Management of depressive disorders
Depressive disorders may be caused by symptoms such as pain or breathlessness, and all such symptoms should be treated appropriately. Any drugs that can cause depression (see Table 15.6 on p. 384) should be reviewed and, if possible, given at a lower dose or replaced. Some symptoms of depressive disorder are difficult to evaluate in patients with advanced cancer, as weight loss, anorexia, insomnia, loss of interest, and fatigue may be caused by the physical illness. Early-morning wakening, extreme hopelessness, and self-blame are more reliable guides to diagnosis. Suicidal ideation should be assessed carefully. If counselling and improved medical management do not improve the low mood, antidepressant drugs should be prescribed with careful supervision. The starting dose should be small, and medication should be changed if necessary to find a compound that is well tolerated (Dein, 2003).
Liaison with medical and nursing staff
Liaison with medical and nursing staff is important. Often these staff can provide treatment when the psychiatrist has formulated a plan. For further information about the care of the dying, see Billings (2000).

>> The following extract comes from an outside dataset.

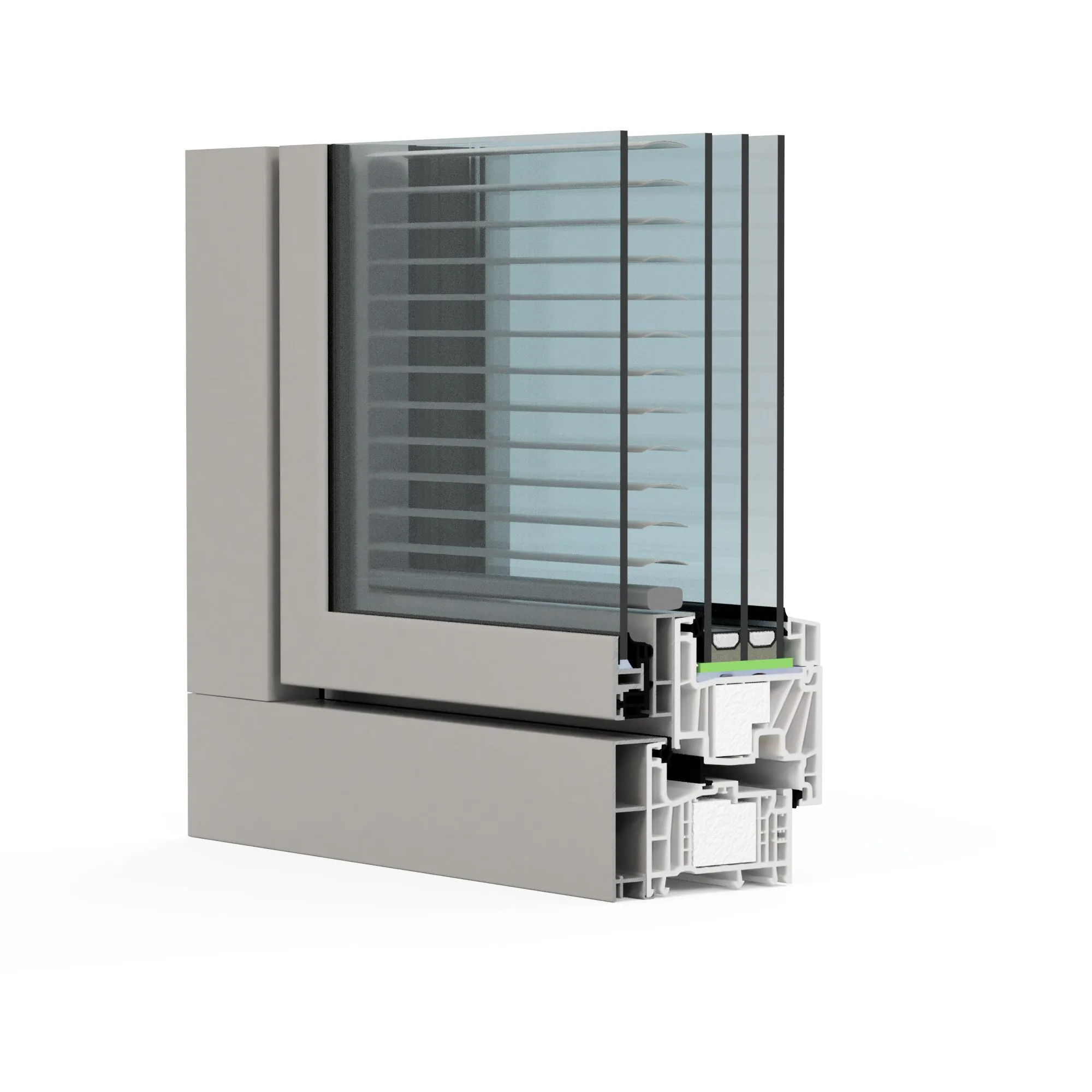 Pomocí otevíratelného přídavného rámečku, uzavřeného čtvrtým sklem, který ke křídlu doléhá pryžovým těsněním, tak vzniká prostor pro stínicí prvek, čímž jsou za prvé ještě vylepšeny tepelně a zvukově izolační vlastnosti, a za druhé je umožněna komfortní údržba nejen okna, ale i žaluzie.

Grief and adjustment to bereavement
Although the words ‘bereavement’, ‘mourning’, and ‘grief’ are sometimes used interchangeably, they have separate meanings which incorporate distinctions that are useful in psychiatry.

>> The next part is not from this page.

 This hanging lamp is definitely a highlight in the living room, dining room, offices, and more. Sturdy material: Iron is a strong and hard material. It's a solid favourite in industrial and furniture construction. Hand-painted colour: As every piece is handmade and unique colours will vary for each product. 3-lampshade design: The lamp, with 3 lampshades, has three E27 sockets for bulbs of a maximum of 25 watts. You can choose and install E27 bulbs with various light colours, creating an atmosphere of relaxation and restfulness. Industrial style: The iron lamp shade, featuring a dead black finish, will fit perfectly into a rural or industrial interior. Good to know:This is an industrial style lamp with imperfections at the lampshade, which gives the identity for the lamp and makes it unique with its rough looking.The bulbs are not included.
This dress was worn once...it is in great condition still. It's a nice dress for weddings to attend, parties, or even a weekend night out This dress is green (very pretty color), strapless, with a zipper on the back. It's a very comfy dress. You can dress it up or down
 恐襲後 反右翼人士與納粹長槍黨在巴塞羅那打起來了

• Bereavement is the loss through death of a loved person.
• Grief is the involuntary emotional and behavioural response to bereavement.
• Mourning is the voluntary expression of behaviours and rituals that are socially sanctioned responses to bereavement. These behaviours and rituals differ between societies and between religious groups both in their form and in their duration.
The systems of classification do not make these distinctions in consistent ways. In ICD-10, bereavement is coded appropriately as Z63.4—that is, as one of the ‘factors influencing health status and contact with health services.’ In DSM-IV, however, bereavement is coded as a ‘condition that may be the focus of clinical attention’—thus the term is used to denote the response to bereavement, rather than the event itself. ICD-10 codes grief under adjustment disorders, but uses the term ‘grief reaction.’ Mourning, which is a form of social behaviour, is not a disorder and, appropriately, is not listed in the index to either classification. In this chapter the term bereavement reaction is used to denote all responses to bereavement, both normal and abnormal. Normal reactions are referred to as grief, while abnormal reactions include abnormal (or pathological) grief, and depressive disorders.
Grief is a continuous process, but for clarity can be described as having three stages (see Table 8.3).
The first stage lasts from a few hours to several days. There is denial, which is manifested as a lack of emotional response (‘numbness’), often with a feeling of unreality, and incomplete acceptance that the death has taken place. The bereaved person may be restless, as if searching for the dead person.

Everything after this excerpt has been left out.